One thing that ruined the illusion of the game for me was the use of companions. We each received a rather talkative alien companion to take with us on one of our early missions, but we were able to “summon” her out of thin air by pushing a button. Because we needed her to unlock… something, it meant that each member of the party had to summon her and wait for her to do her unlocking animation. It was a bit of a drag, to be honest, as it just felt wrong. Up to this point, nothing had jarred me and pulled me out of the world.

Electric shock for a companion.

Am I a horrible human being for electrocuting a digital representation of a person?

I decided to be a horrible person and torture my companion. She wore a collar around her neck that I may or may not have electrified a few times when she was being mouthy. I lost reputation with the companion, but did gain some Dark side points for the trouble.

A crypt in the desert

Desert.

Wandering through the desert of Korriban with my buddies. Good times.

The early missions on Korriban focused on wandering through the desert and exploring ancient Sith tombs. I found the desert canyon landscape to be rather uninspired with the exception of the various statues and other artifacts. The tombs themselves were more detailed and potentially interesting to explore, but the drab color schemes didn’t invite me into them. Also, I felt like there was little exploring to be done; everything was so close that I never had to run for more than a minute or so to get into the belly of the tomb, and that was with clearing out the enemies.

Lots of statues in a crypt.

Who has the time to make all of these statues? Sheesh!
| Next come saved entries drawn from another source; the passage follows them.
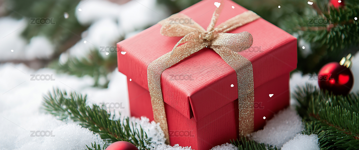 雪中的红色圣诞礼盒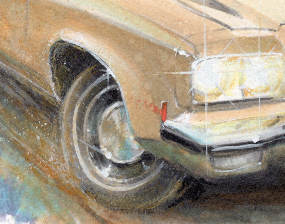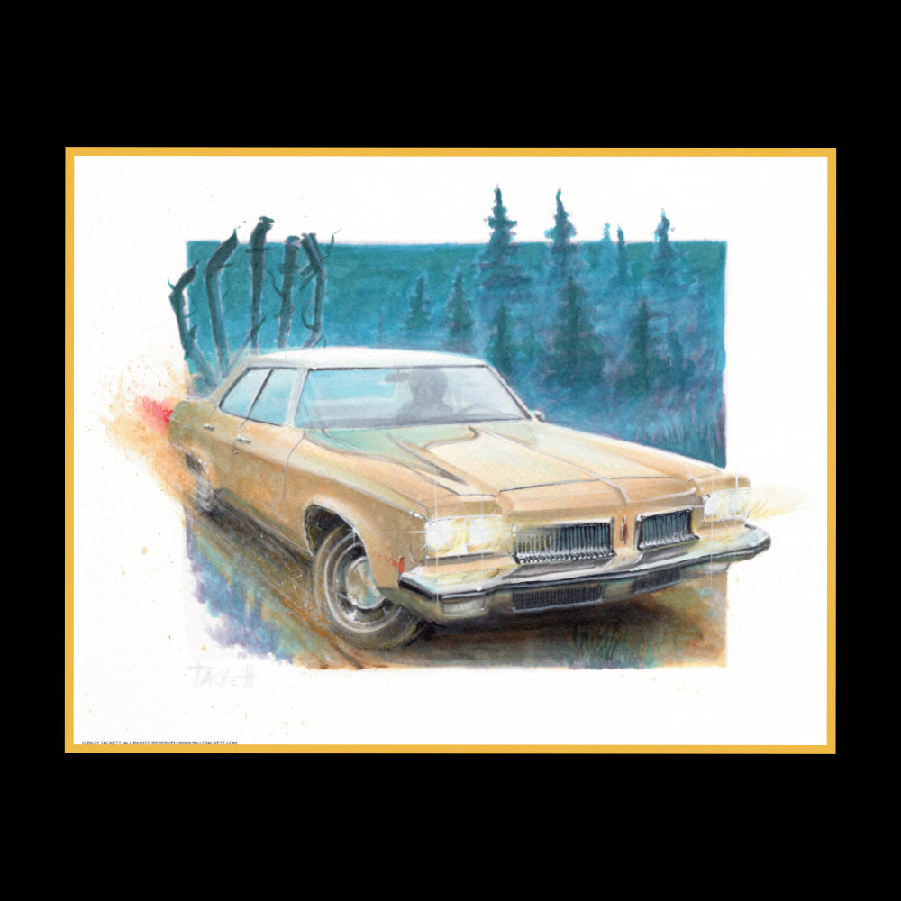 Don't let this opportunity to own a piece of cinematic horror history pass you by. Secure your painting of the 1973 Oldsmobile Delta 88 from "The Evil Dead" today and let the terror take the wheel!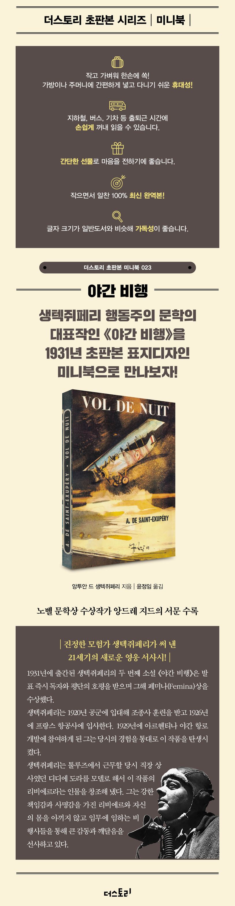 제1차 세계대전의 후유증을 겪고 있던 유럽의 작가들은 역사와 사회로 눈을 돌려 인간의 문제를 진지하게 성찰하게 되었다. 그들은 기존의 이데올로기에 편입되기보다는 근본적인 인간의 문제에 대해 고민했으며, 그것을 ‘행동’으로 표명하고자 했다. 그래서 그들은 ‘삶이 곧 작품이 되는 글쓰기’에 몰두했다. 앙드레 말로, 생텍쥐페리, 몽테를랑으로 대표되는 ‘행동주의 문학’은 이후 등장하는 실존주의 문학에도 크나큰 영향을 미치게 된다. 글을 쓰기 전에 우선 모험적인 행동에 뛰어들고, 그것을 작품으로 일궈낸 그들은, 때로는 죽음에 맞서기도 하면서 그 모험들이 단지 한 개인의 영웅담으로 그치지 않고, 인류의 위대한 힘을 보여 주려는 의지로 이어지도록 했다. 《야간 비행》의 마지막 부분에서 파이앵이 비행장으로 돌아오지 못할 것이라는 사실을 알게 된 리비에르는 절망하지 않고 유럽행 비행기에 이륙을 지시한다. 그리고 그는 다시 자신이 있었던 자리에서 불어 닥친 역경에 맞서 싸워나갈 것을 다짐한다. 그러한 그의 행동은 역경에 굴하지 않고 인간의 운명을 개척해 나가는 행동주의 문학의 표본으로 꼽을 수 있을 것이다. 더스토리만의 오리지널 초판본 표지디자인으로 생택쥐페리의 날고 싶은 자유로운 영혼이 담겨있는 명작 《야간비행》을 초판본 미니북으로 만나보자.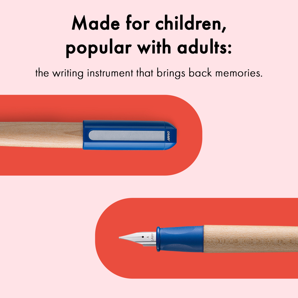 Kinder, die mit LAMY schreiben, lernen leichter – das gilt besonders für das Schreiblernsystem LAMY abc. Es hat sich seit mehreren Generationen als altersgerechter Einstieg ins Schreiben lernen bewährt. Die Kombination aus Füller und Bleistift wurde in enger Zusammenarbeit mit Pädagog:innen entwickelt und ist somit speziell auf die Bedürfnisse von Kindern abgestimmt. Das ergonomische Griffstück fördert eine gesunde Stifthaltung und unterstützt die Entwicklung der feinmotorischen Fähigkeiten. Mit dem LAMY abc helfen Sie Ihrem Kind, den Grundstein für entspanntes, flüssiges und sauberes Schreiben zu legen – ein Leben lang. Schreiblernfüller aus Ahornholz, Kappe und Würfel aus Kunststoff blau, rutschfestes, gummiertes Griffstück, Stahlfeder, poliert

While on the subject of art design, I do have to say that the animations are quite superb. Attacks are varied and show blades bouncing off one another and I can only imagine how good this looks when you have a real lightsabre. Each of my abilities seemed to have its own animations and effects making hitting each button rewarding.

A proven formula

Force Point.

Force Point, one of the lesser Force powers in the game.

Overall, I liked The Old Republic, I really did. But I just found it far too similar to World of Warcraft in terms of gameplay, from the classes’ mechanics to abilities themselves to the hovercars that ferry you around the zone; I understand that WoW is a great formula for an MMO, but I just feel like The Old Republic stays a little too close to the proven formula for me to justify dropping the money to buy the full game. Almost everything in the game I had a moment where I thought to myself, “Well, this is like how it is in WoW. What are they doing differently?”

I understand that none of these mechanics are unique to (or originally in) World of Warcraft, but I found the similarities distracting. I suppose I was hoping more for something along the lines of Jedi Knight: Jedi Academy, but that isn’t what I played.

Sunhawk, Sith Warrior

Sunhawk, Sith Warrior signing out.

Perhaps I’ll give it another try on some free-to-play weekend, but for now I’ll have to give it a pass.

I can see Star Wars fans geeking out over it and enjoying themselves, or players that have exhausted the content of their current MMO, or someone who wants to explore the intricacies of the story.